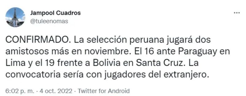 Según la información del periodista Jampool Cuadros de América TV, la selección peruana enfrentará a Paraguay en Lima el 16 de noviembre, y el 19 del mismo mes, visitará a Bolivia en Santa Cruz. Además, reveló que para esta convocatoria si se podría contar con jugadores del extranjero. "Confirmado. La Selección Peruana jugará dos amistosos más en noviembre. El 16 ante Paraguay en Lima y el 19 frente a Bolivia en Santa Cruz. La convocatoria sería con jugadores del extranjero", precisó el comunicador en Twitter.
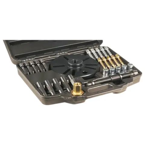 This versatile tool can be used with a slide hammer or hydraulic spindle and is compatible with 5 or 6-hole wheels with wheel studs sizes M14 and M16x1.5, as well as 5 or 6-hole wheels with wheel bolt sizes M12x1.5, M14, and M14x1.5.
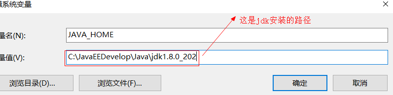 变量值:填写jdk安装路径
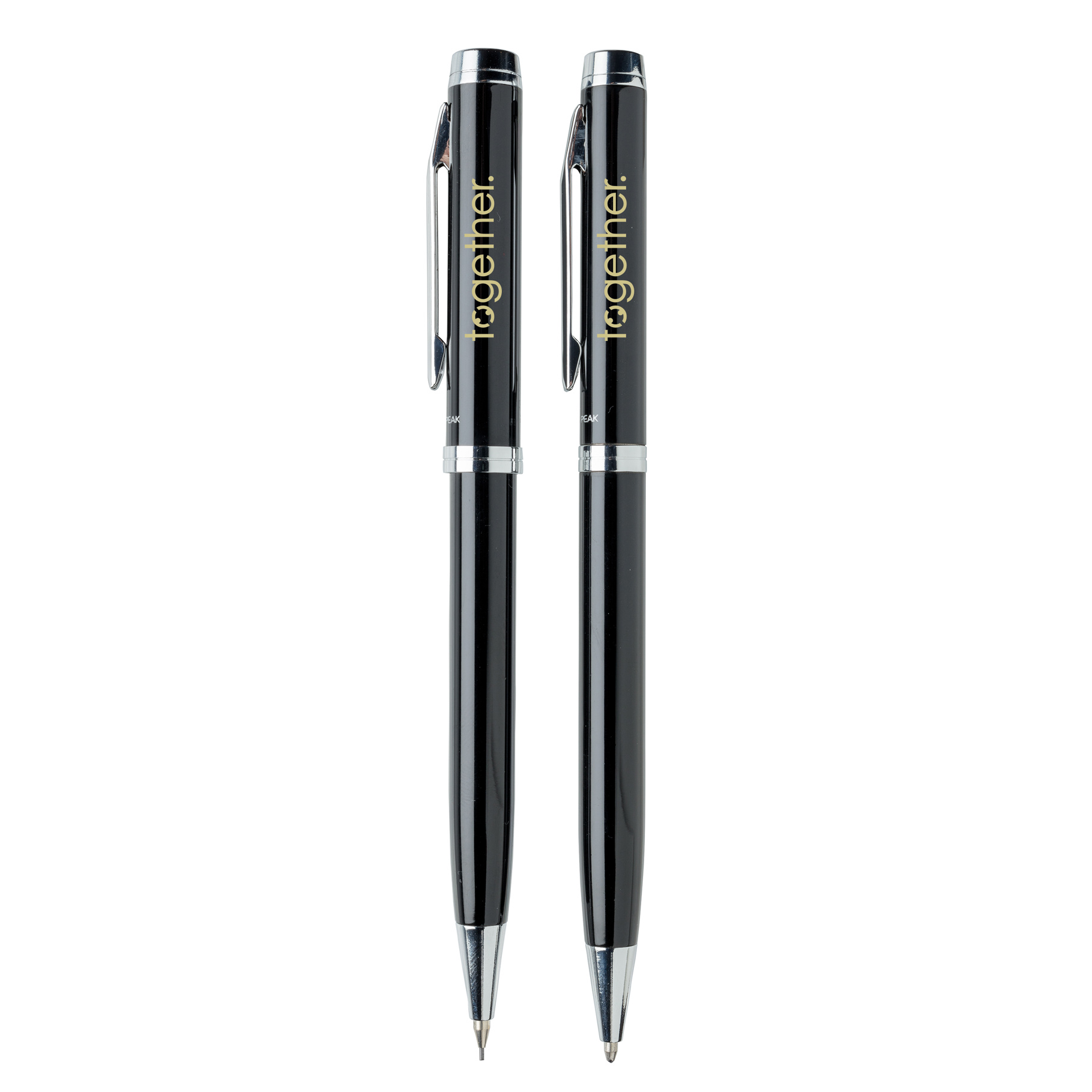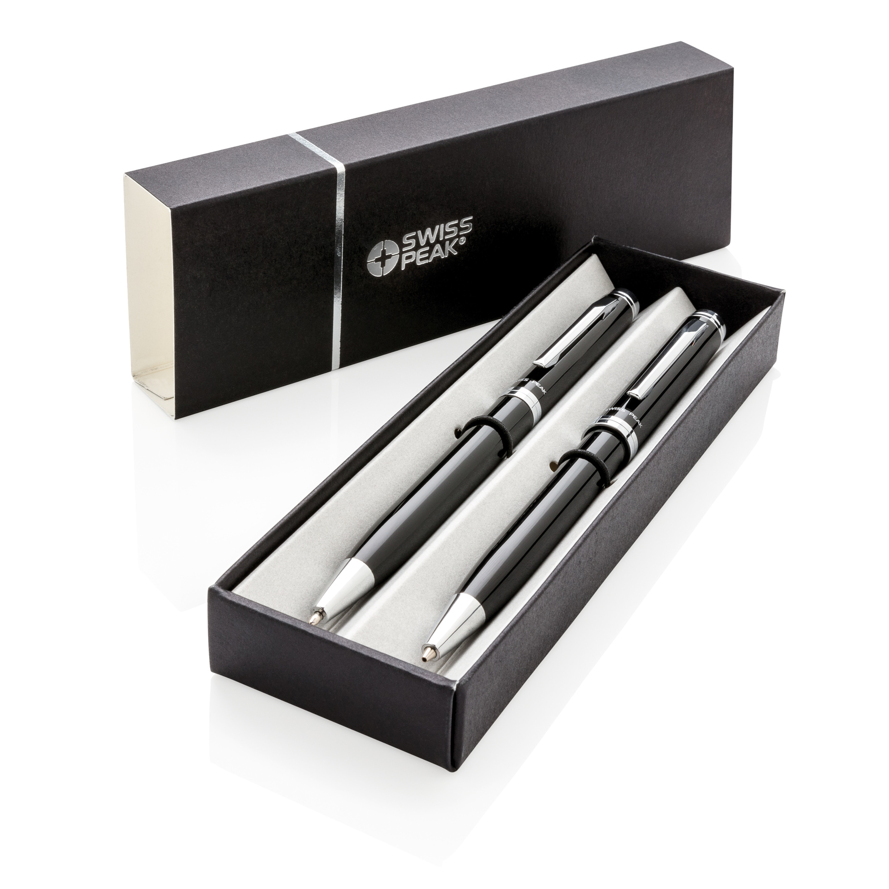 Підвищіть свій досвід письма за допомогою Swiss Peak Luca RCS Recycled Brass Deluxe Pen Set. Розроблений з урахуванням вишуканості, цей набір містить гладкі чорні ручки із золотими акцентами, включаючи верхню частину, верхнє кільце, кліпсу, середнє кільце та наконечник. Виготовлені з 55% сертифікованої RCS переробленої латуні, ці ручки пропонують як елегантність, так і стійкість. Кулькова ручка працює з поворотним механізмом і включає в себе поповнення синім чорнилом, пише шириною 1,0 мм до 1200 м. Ручка має синє гелеве чорнило, що пропонує 800 м гладкого письма на тій же ширині 1,0 мм. Обидві ручки оброблені сталевим затискачем і вигравірувані логотипом Swiss Peak на середньому кільці. Представлений у подарунковій коробці преміум-класу, цей набір випромінює розкіш та стиль.
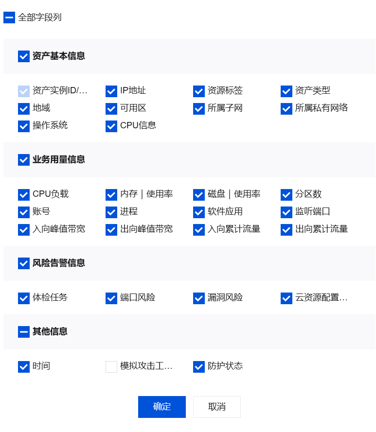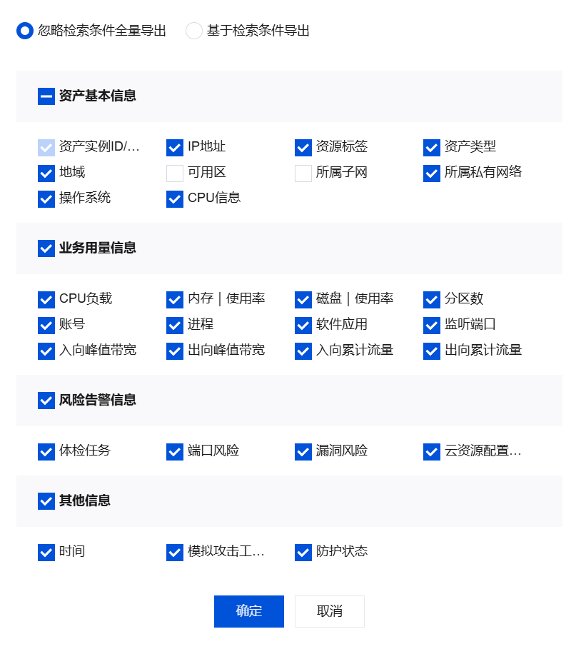 图标,可以导出资产列表,支持自定义列表内容与检索条件。
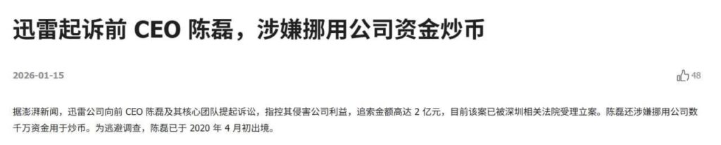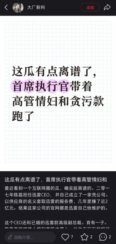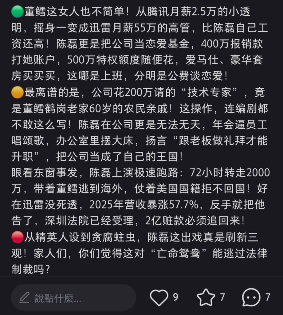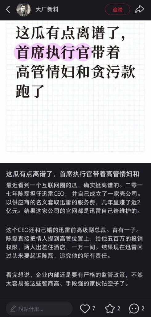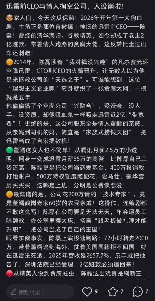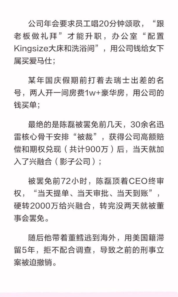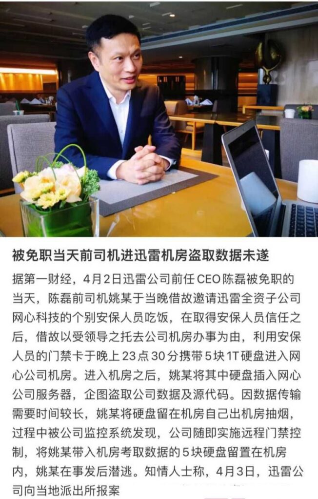 该文章由全网吃瓜发布,转载请注明来源并附上原文链接: 前迅雷ceo陈磊被曝丑闻婚内出轨小三董鳕卷款2亿潜逃
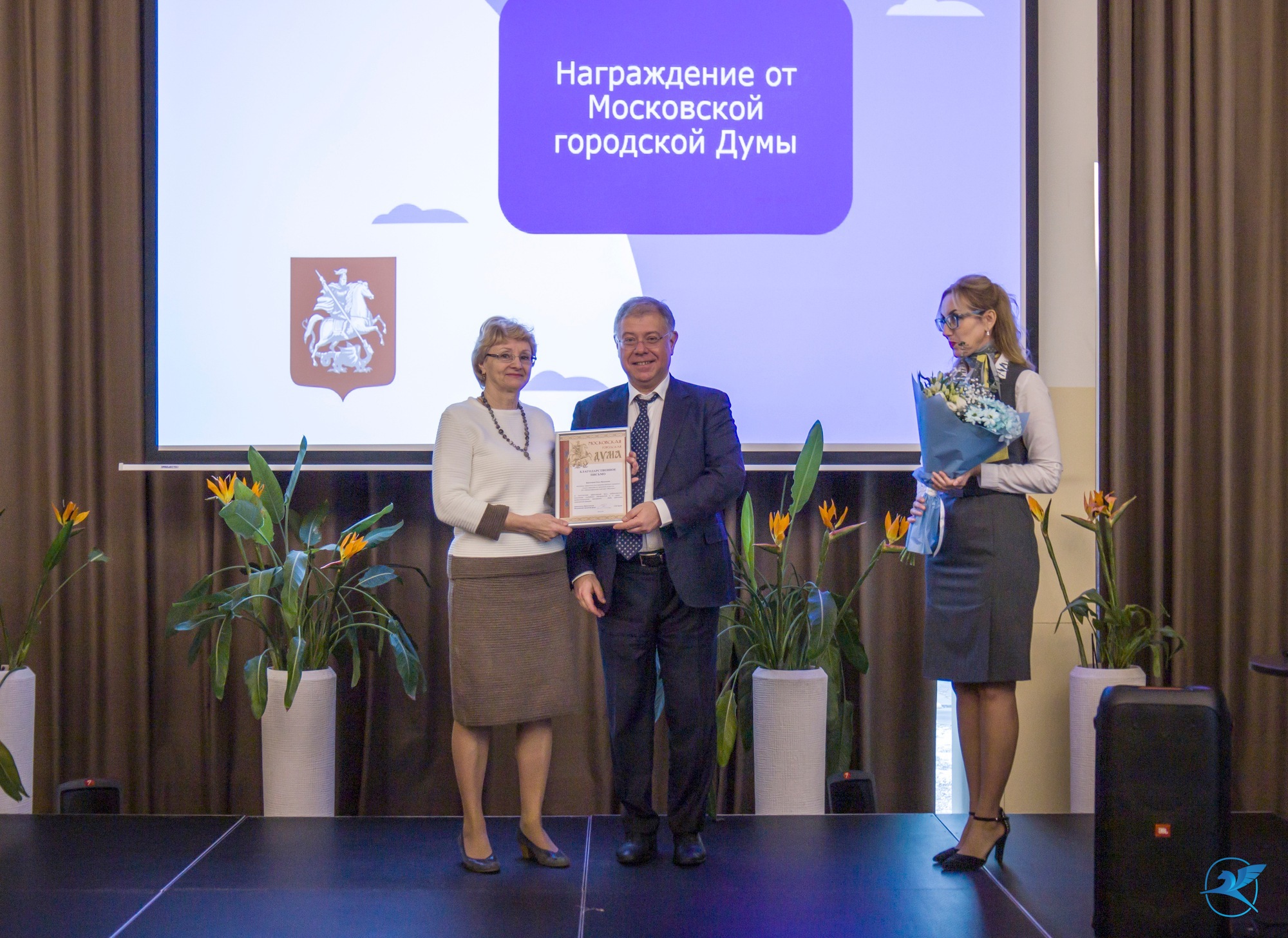 Благодарностью Заместителя Председателя Московской городской Думы были награждены тракторист отдела эксплуатации и ремонта ЗиС службы эксплуатации АО «Международный аэропорт «Внуково» (далее — АО «МАВ») Владимир Кабанов и юрисконсульты административно-правового отдела дирекции по правовым вопросам АО «МАВ» Ольга Березкина и Татьяна Опарина. Награды им вручил Заместитель Председателя Московской городской Думы Степан Орлов.
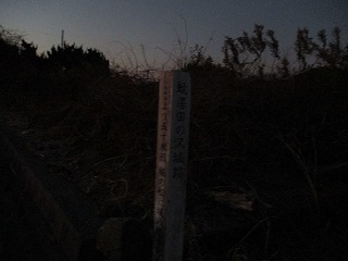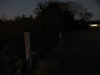 | 蚊居田土居城の標柱。夜明け前でまだ暗い。 | 北側の城塁。 |
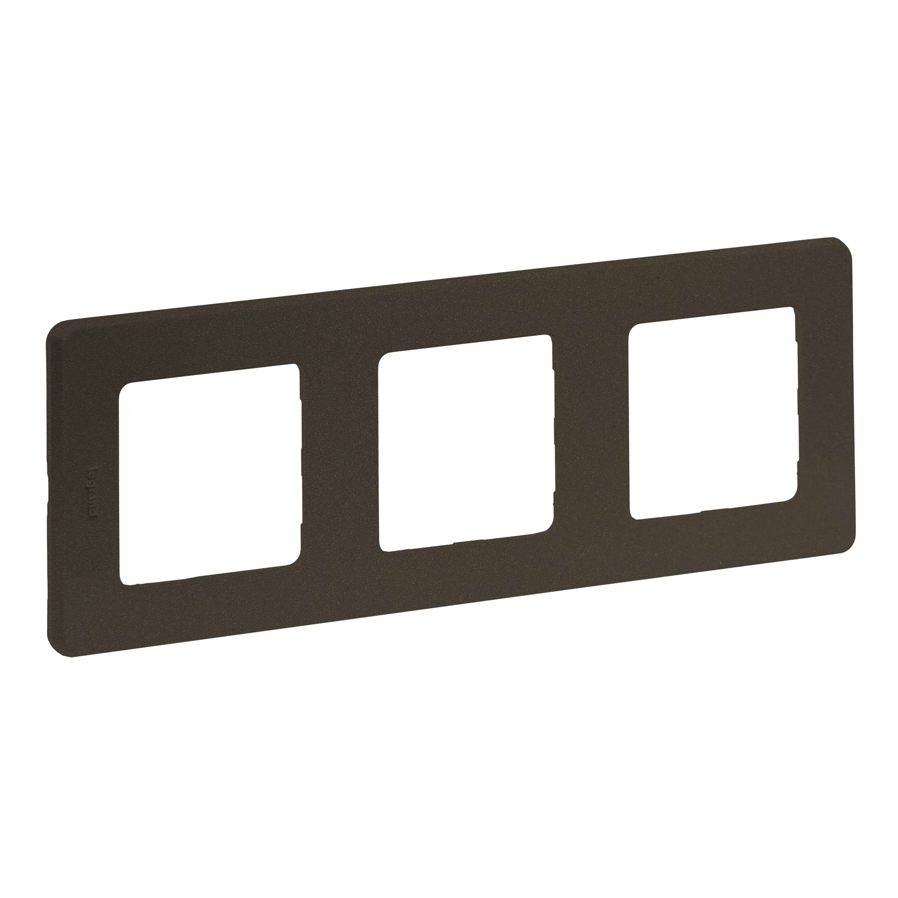 Рамка декоративная универсальная Legrand Inspiria, 3 поста, для горизонтальной или вертикальной установки, цвет Бронза. Предназначена для установки на механизмы Legrand Inspiria. Особенности изделия: - Изготовлено из качественного пластика ABS, устойчивого к загрязнению и воздействию УФ-излучения. - Универсальная конструкция подходит для горизонтального и вертикального монтажа. - Инновационное крепление на защелках обеспечивает быстрый монтаж и демонтаж без необходимости снятия лицевых панелей механизмов, что повышает удобство и снижает трудозатраты. - Система зубчатых креплений позволяет регулировать глубину установки рамки, тем самым скрыть неровность стен и дефекты установки монтажных коробок.

──────────

> _WHAT IS REQUIRED_
Take every record and copy it word for word, dropping the pictures.

> _EXERCISE RESPONSE_
 Según la información del periodista Jampool Cuadros de América TV, la selección peruana enfrentará a Paraguay en Lima el 16 de noviembre, y el 19 del mismo mes, visitará a Bolivia en Santa Cruz. Además, reveló que para esta convocatoria si se podría contar con jugadores del extranjero. "Confirmado. La Selección Peruana jugará dos amistosos más en noviembre. El 16 ante Paraguay en Lima y el 19 frente a Bolivia en Santa Cruz. La convocatoria sería con jugadores del extranjero", precisó el comunicador en Twitter.
 This versatile tool can be used with a slide hammer or hydraulic spindle and is compatible with 5 or 6-hole wheels with wheel studs sizes M14 and M16x1.5, as well as 5 or 6-hole wheels with wheel bolt sizes M12x1.5, M14, and M14x1.5.
 变量值:填写jdk安装路径
 Підвищіть свій досвід письма за допомогою Swiss Peak Luca RCS Recycled Brass Deluxe Pen Set. Розроблений з урахуванням вишуканості, цей набір містить гладкі чорні ручки із золотими акцентами, включаючи верхню частину, верхнє кільце, кліпсу, середнє кільце та наконечник. Виготовлені з 55% сертифікованої RCS переробленої латуні, ці ручки пропонують як елегантність, так і стійкість. Кулькова ручка працює з поворотним механізмом і включає в себе поповнення синім чорнилом, пише шириною 1,0 мм до 1200 м. Ручка має синє гелеве чорнило, що пропонує 800 м гладкого письма на тій же ширині 1,0 мм. Обидві ручки оброблені сталевим затискачем і вигравірувані логотипом Swiss Peak на середньому кільці. Представлений у подарунковій коробці преміум-класу, цей набір випромінює розкіш та стиль.
 图标,可以导出资产列表,支持自定义列表内容与检索条件。
 该文章由全网吃瓜发布,转载请注明来源并附上原文链接: 前迅雷ceo陈磊被曝丑闻婚内出轨小三董鳕卷款2亿潜逃
 Благодарностью Заместителя Председателя Московской городской Думы были награждены тракторист отдела эксплуатации и ремонта ЗиС службы эксплуатации АО «Международный аэропорт «Внуково» (далее — АО «МАВ») Владимир Кабанов и юрисконсульты административно-правового отдела дирекции по правовым вопросам АО «МАВ» Ольга Березкина и Татьяна Опарина. Награды им вручил Заместитель Председателя Московской городской Думы Степан Орлов.
 | 蚊居田土居城の標柱。夜明け前でまだ暗い。 | 北側の城塁。 |
 Рамка декоративная универсальная Legrand Inspiria, 3 поста, для горизонтальной или вертикальной установки, цвет Бронза. Предназначена для установки на механизмы Legrand Inspiria. Особенности изделия: - Изготовлено из качественного пластика ABS, устойчивого к загрязнению и воздействию УФ-излучения. - Универсальная конструкция подходит для горизонтального и вертикального монтажа. - Инновационное крепление на защелках обеспечивает быстрый монтаж и демонтаж без необходимости снятия лицевых панелей механизмов, что повышает удобство и снижает трудозатраты. - Система зубчатых креплений позволяет регулировать глубину установки рамки, тем самым скрыть неровность стен и дефекты установки монтажных коробок.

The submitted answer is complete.